Things that in my nine year acquaintance with him I only partly knew — that he is a superb up-close negotiator, an agile welder of consensus, a factional generalissimo, a backroom inspirer of the troops — are detailed here. His rivalry with his non-identical twin brother Robert, now a London banker, is detailed also, as is his impactful cleverness, outstripping Swanny we are told, as an architect and advocate of economic policy.

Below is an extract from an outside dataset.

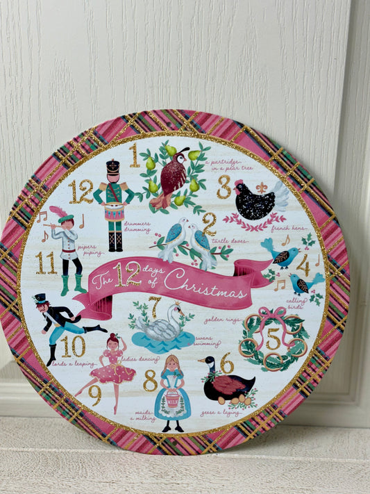 12 Inch Pastel Twelve Days Of Christmas Metal Sign

I myself can vouch for his passionate empathy for the disabled, about whom we wrote many speeches together. ‘It’s the last civil right,’ he told me with ferocious conviction. ‘Like Martin Luther King, I want them up the front of the bus.’ I did not know he could play the piano — better, in some judgments, than his brother; that he and his brother performed in Gilbert and Sullivan; that Richard Marles was his Best Man; that Gillard offered him a place in her law firm, which he refused; and so on. Nor that he recorded a Logies acceptance speech, as the author of the ‘zingers’ that occupied ‘at least half Mad As Hell’s broadcast time’, in a year when Micalleff did not win that award, which meant his genial self-send-up was never seen.

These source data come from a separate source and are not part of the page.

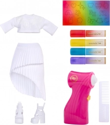 Součástí je stylová panenka s dlouhými bílými vlasy, kloubovým tělem a kompletním bílým outfitem připraveným k barvení. Oživte její vlasy, šaty i boty a dolaďte detaily přímo fixem pro precizní dekor. Ideální dárek pro děti, které milují módu, barvy a tvoření.
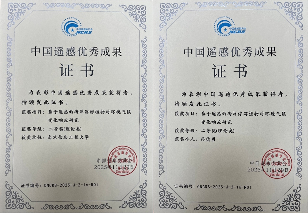 近日,第二十三届中国遥感大会在广州举行。我院孙德勇教授课题组申报的“基于遥感的海洋浮游植物对环境气候变化响应研究”荣获中国遥感优秀成果二等奖,这是继2023年荣获“中国遥感优秀成果一等奖”后,再次获得突破。
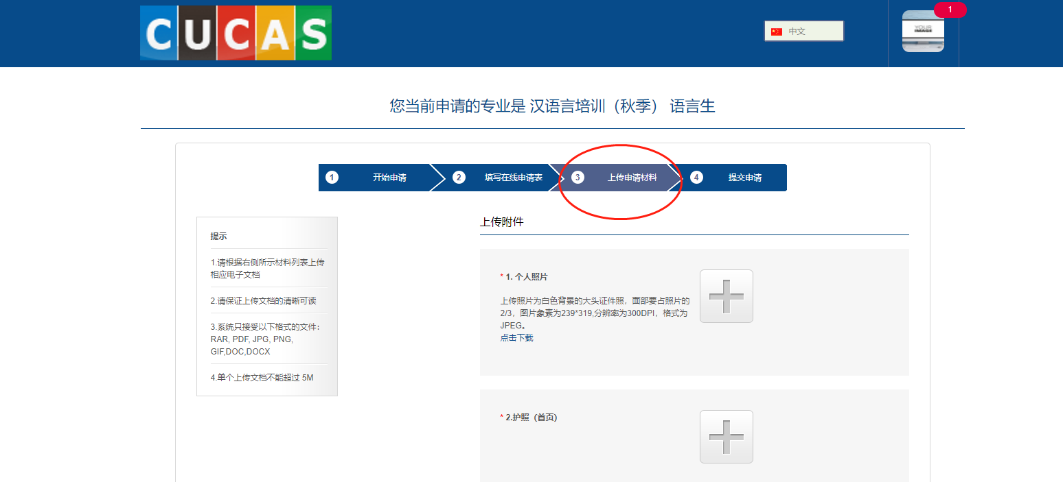 9、接下来上传申请附材料 (“*” 为必填),完成上传,点击“下一步”。

The sinuous detail of his manoeuvres in Young Labor, his alliances with Robert Ray, Kim Carr and Kim Beazley, and for long years with Conroy, which earned their faction the nickname ‘the ShortCons’ was absorbing but, for me, a little unsettling. In Melbourne, well…they do things differently there; and the macchiavellian shifts and betrayals and reconfigurations of discarded friendships which Marr notes here in their…well..particularity, their moveable, embittering, fratricidal pragmatism, their High Noon confrontations from which there is no turning back, may daunt some of us more mild-mannered New South Welshpersons with their fired up, take-no-prisoners finality. Victoria is different. They do things differently there.
Does Marr like Shorten? I think he does. The essay at any rate deep-etches with sympathetic understanding the recent star of Q&A who on Monday night surprised many grumblers with his ease and guile, and tipped the advantage back to Labor and did so on the Turnbull government’s very first day.

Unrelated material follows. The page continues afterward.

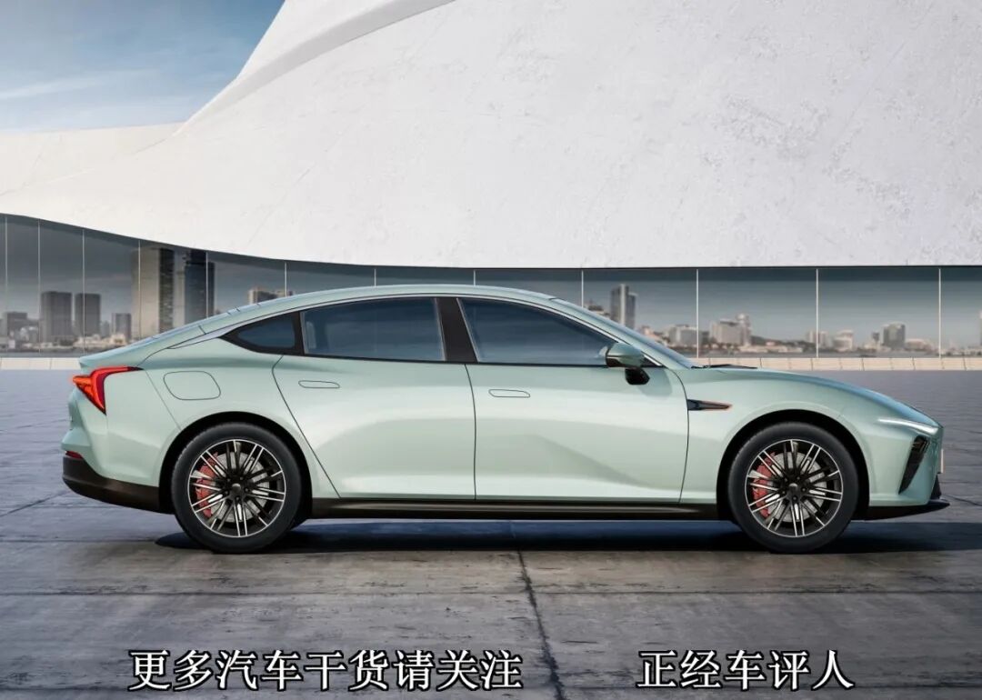 另外耀世版配备了展翼门,绿色涂装的刹车卡钳,尾部呢还配有碳纤维的尾翼,确实非常的拉风,整车设计俩字运动,整体造型呢非常低趴,然后呢全部是向着这种动感,流畅的这种设计去靠拢的

Can he win from here? I think so. Can he win a March election? Absolutely. That is enough time. There will be dirty tricks though before then, some from Dyson Heydon, and it may seem uncertain whilever Newspoll and ReachTEL cheat their sampling and the Murdoch front page computer libels remain as vile, mendacious and unjust as they are.
But Marr has left one crucial factor out of his portrait, and this is that Shorten is lucky.
An absorbed student of Napoleon, that famed admirer of lucky generals, he lucked into Beaconsfield, and with it national visibility, and Beaconsfield’s handy suspenseful thirteen-day narrative and happy ending; and into NDIS, our noblest act of legislated mercy; and into the selling of Gonski, which had no enemies, to especially the doomed, anti-Abbott O’Farrell and Napthine, which showed how good a negotiator he is; and into, yes, the new Rudd rules that let him into the leadership with many, many less votes than Albo, in a month when Greg Combet believed he was too sick to nominate, and wasn’t. And he lucked into Abbott also, the punch-drunk Creationist homophobe kook, and the stupidest Ministry since Federation. How lucky was that.
For this and other reasons he’ll get there.
In fact, he is there already.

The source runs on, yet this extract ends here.